筒隠つくしの運命を書き換えるため、横寺陽人はいよいよ過去の猫神と対面することを決める。
ところが猫神から予想もしていなかった事実を聞かされて……。



前巻から引き続き幼女月子ちゃんと幼女鋼鉄さんと幼女小豆梓がとっても可愛いヘンティカンロリコメディ第11弾。
っておい、めちゃめちゃいい話じゃないですか……。横寺の語り口はいつも通り思いっきりアホに振り切れているのに、不意にこういうことをやってくるからズルいのだ……。毎度ながら、本当に物語の構成が巧みだと思います。
シリーズのクライマックスにふさわしく胸にぐっとくるお話でしたが、それはさておきイラストが凄く犯罪的でした。ありがとうカントク神。


猫神の力で意識だけ十年前の世界にやってきた横寺と月子ちゃん。
ツカサさんにやっとそのことを伝えられた横寺ですが、何より先に、未来での月子ちゃんの関係を不審がられるというのがなんともらしいというか……。横寺も大概ですが、月子ちゃんも相当な変態さんですよね、似た者カップルじゃないか! やったぜ!
まあ、月子ちゃんがここまで横寺に依存的になるのも、全ては横寺が悪いのだ。今回だってツカサさんにくっつきまくってるし、幼女鋼鉄さんには表でやったら捕まりそうなことを平然としでかしているし、幼女小豆梓にもデレデレしちゃっているのだ。
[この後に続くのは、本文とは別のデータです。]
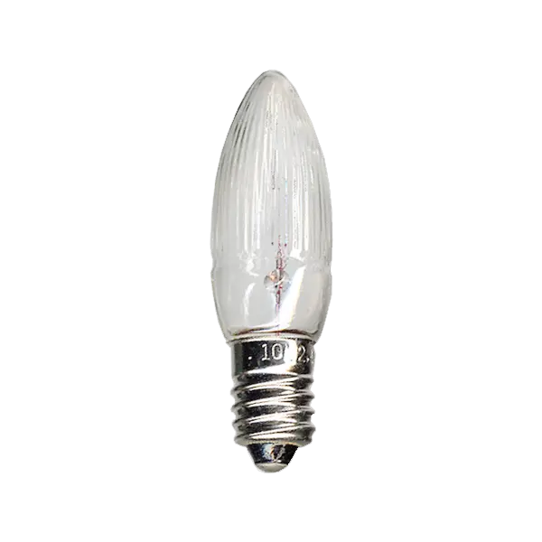 3-pack topplampor med E10 sockel och klart glas. Användningsområdet är inomhus.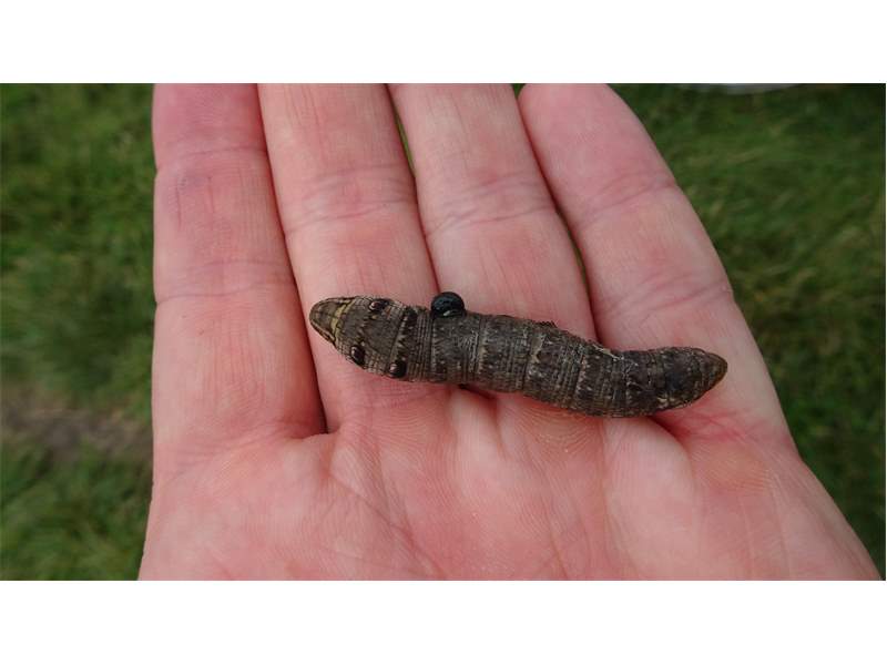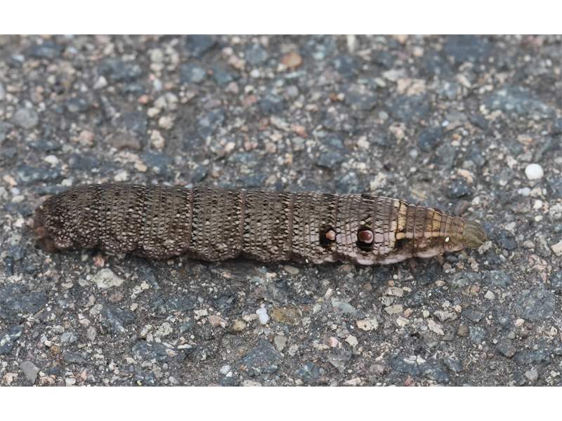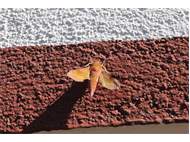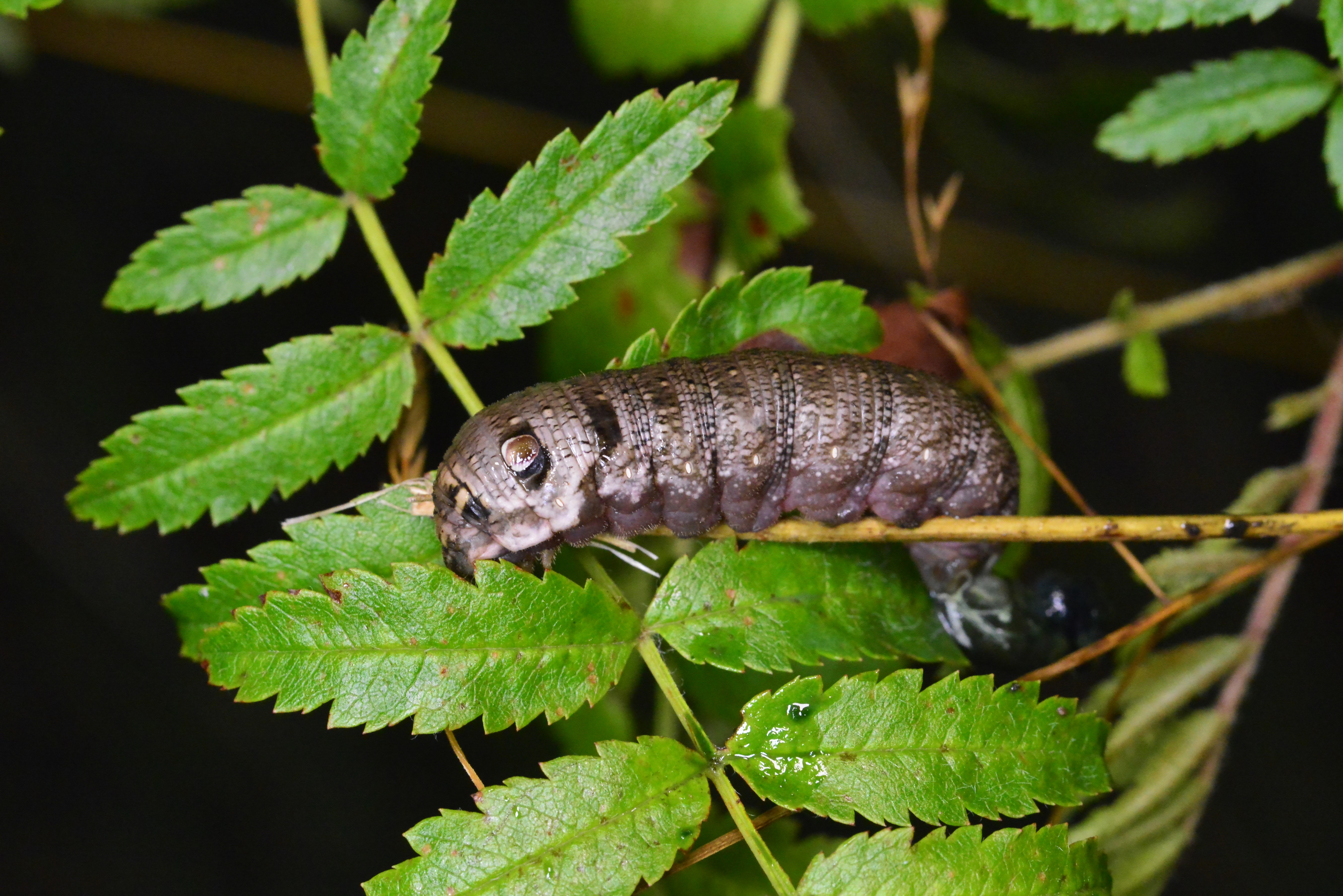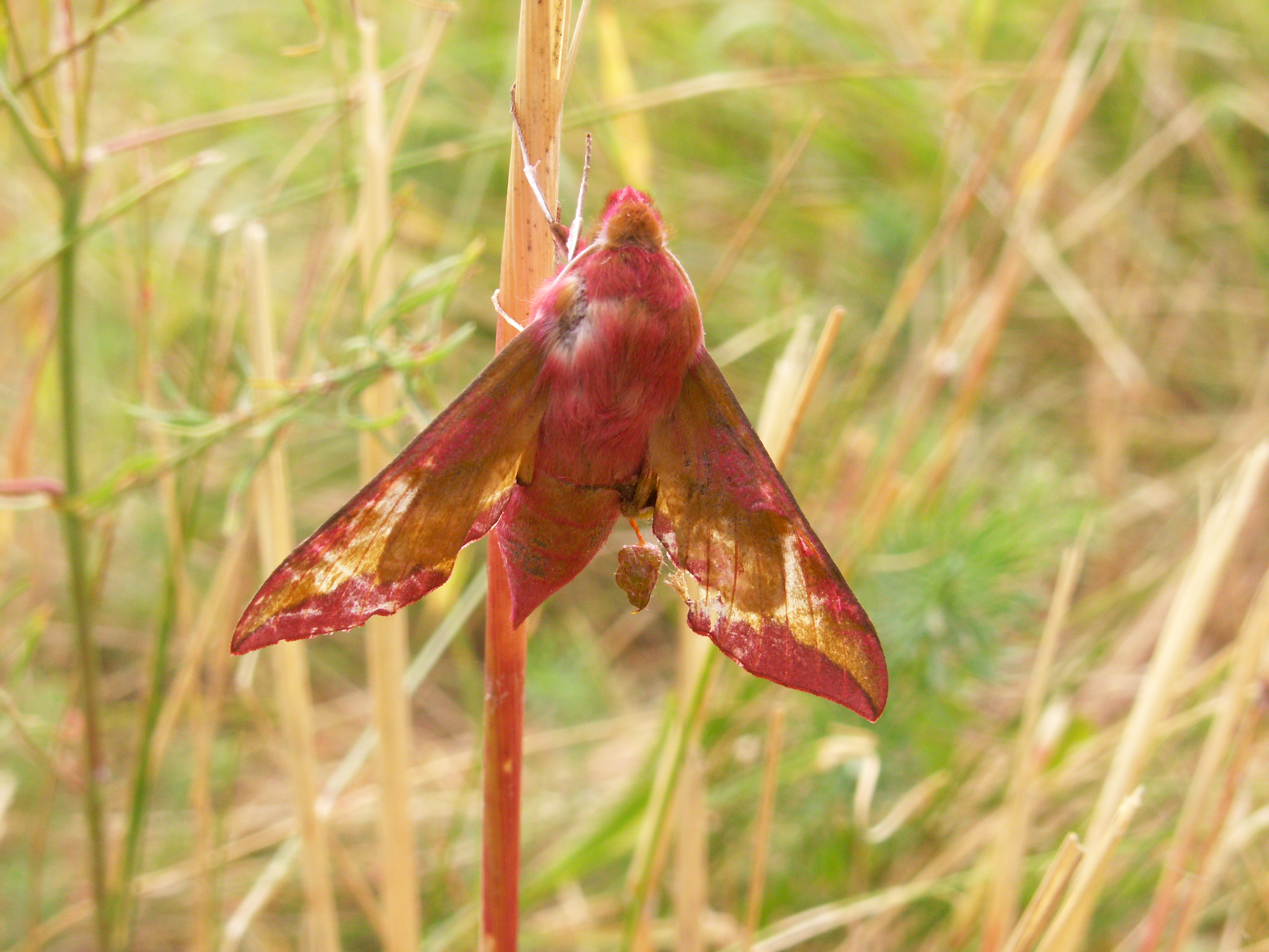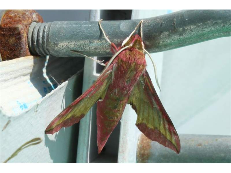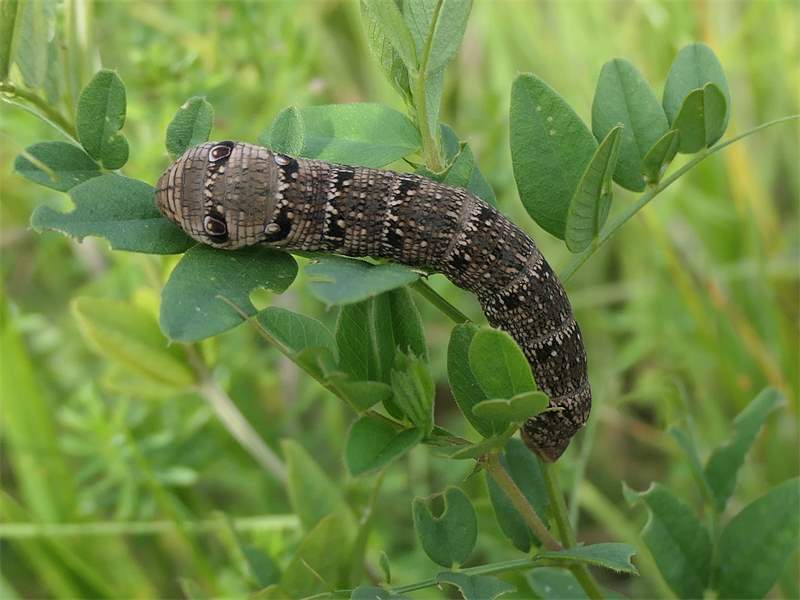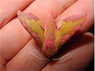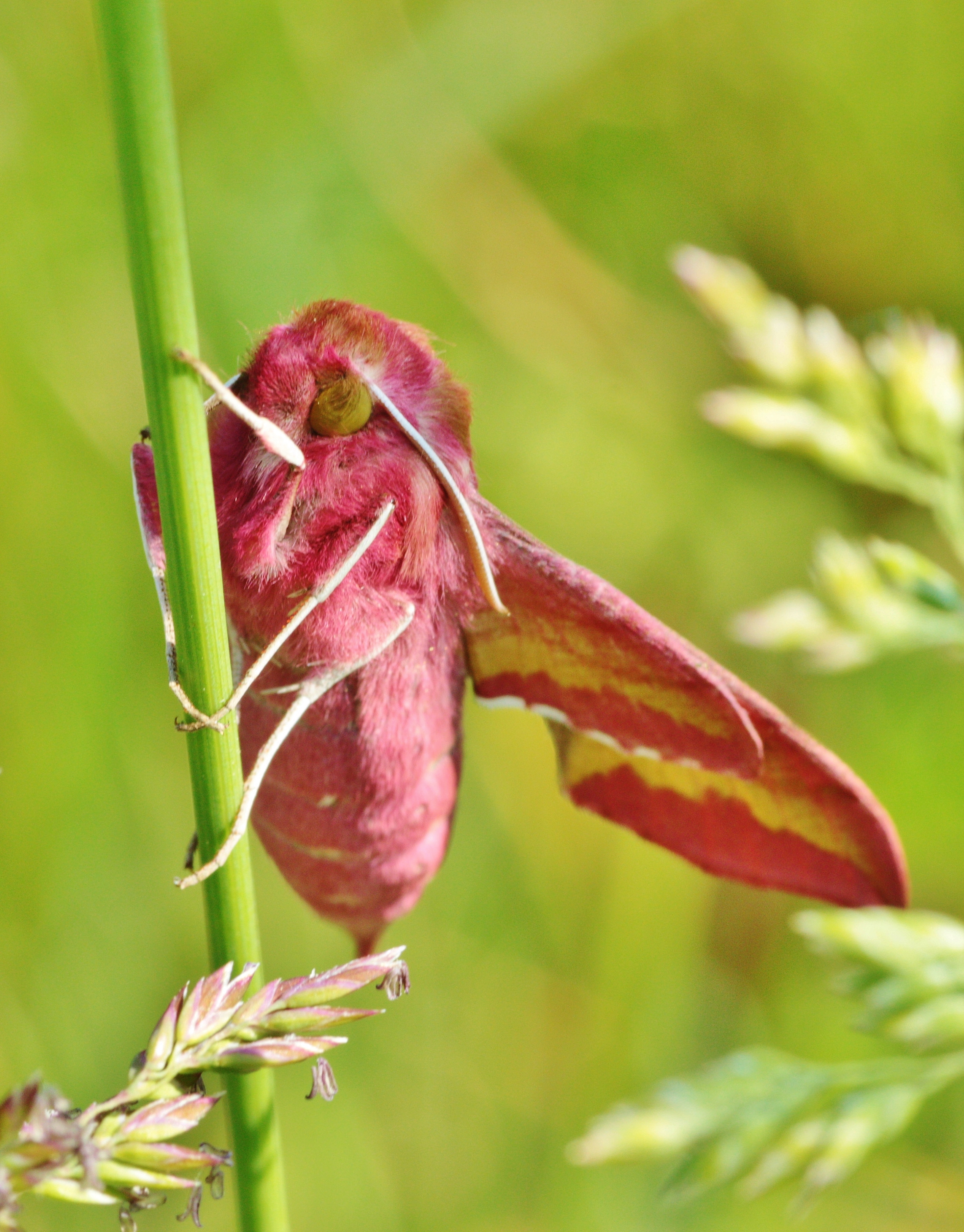 Größenvergleich: D. porcellus (Kleiner Weinschwärmer, unten) und D. elpenor (Mittlerer Weinschwärmer), am Licht - Westlausitz, Pulsnitz, Kahlschlag/Bachtal Hahneflüsschen, 5. Juni 2022

少し強めに自分の方に引っ張っておくくらいでちょうどよいのです。でも小豆梓は仕方ないと思います。これは可愛すぎるもの……天使なのかよ……。


シリアスモードのようで、シリアスになりきれないのは、やっぱり横寺の変態さんのせいなんですけど。
でも、この楽しい日常がずっと続いてしまうのも、それはやっぱり不自然なことで、終わりはいつも突然にやってくるのでした。
ツカサさんの身体を蝕む呪い。そして未来の鋼鉄さんにかけられた呪い。筒隠家の呪いとされたこのふたつの呪いが、いったいどこからやってきたものなのか。
ようやく答えは出たのに、この展開はあまりに切ない。最初から決まっていたこととはいえ。
ツカサさん、いいキャラクターだよなあ。いつも不器用だけれど、子どもたちに向ける愛情はとても大きくて、深くて、どこまでも素敵な母親だったと思います。
ラストがまたたまらなく良かったですね! イラストの持ってきかたが、絶妙すぎる! 月子ちゃんも、なんか、ついにここまできたのかと、妙にしんみりきてしまいました……。
次巻は長いエピローグとのことで、大好きだったこのシリーズも、いよいよ終わりが近づいているのを感じます。過去のことはもう終わり。これからは未来のお話です。横寺と、月子ちゃん、小豆梓たちの進む道が、どのように切り拓かれていくのか……楽しみに待つことにしましょう。


猫神ちゃんビフォーアフターイラストには流石に吹いてしまった。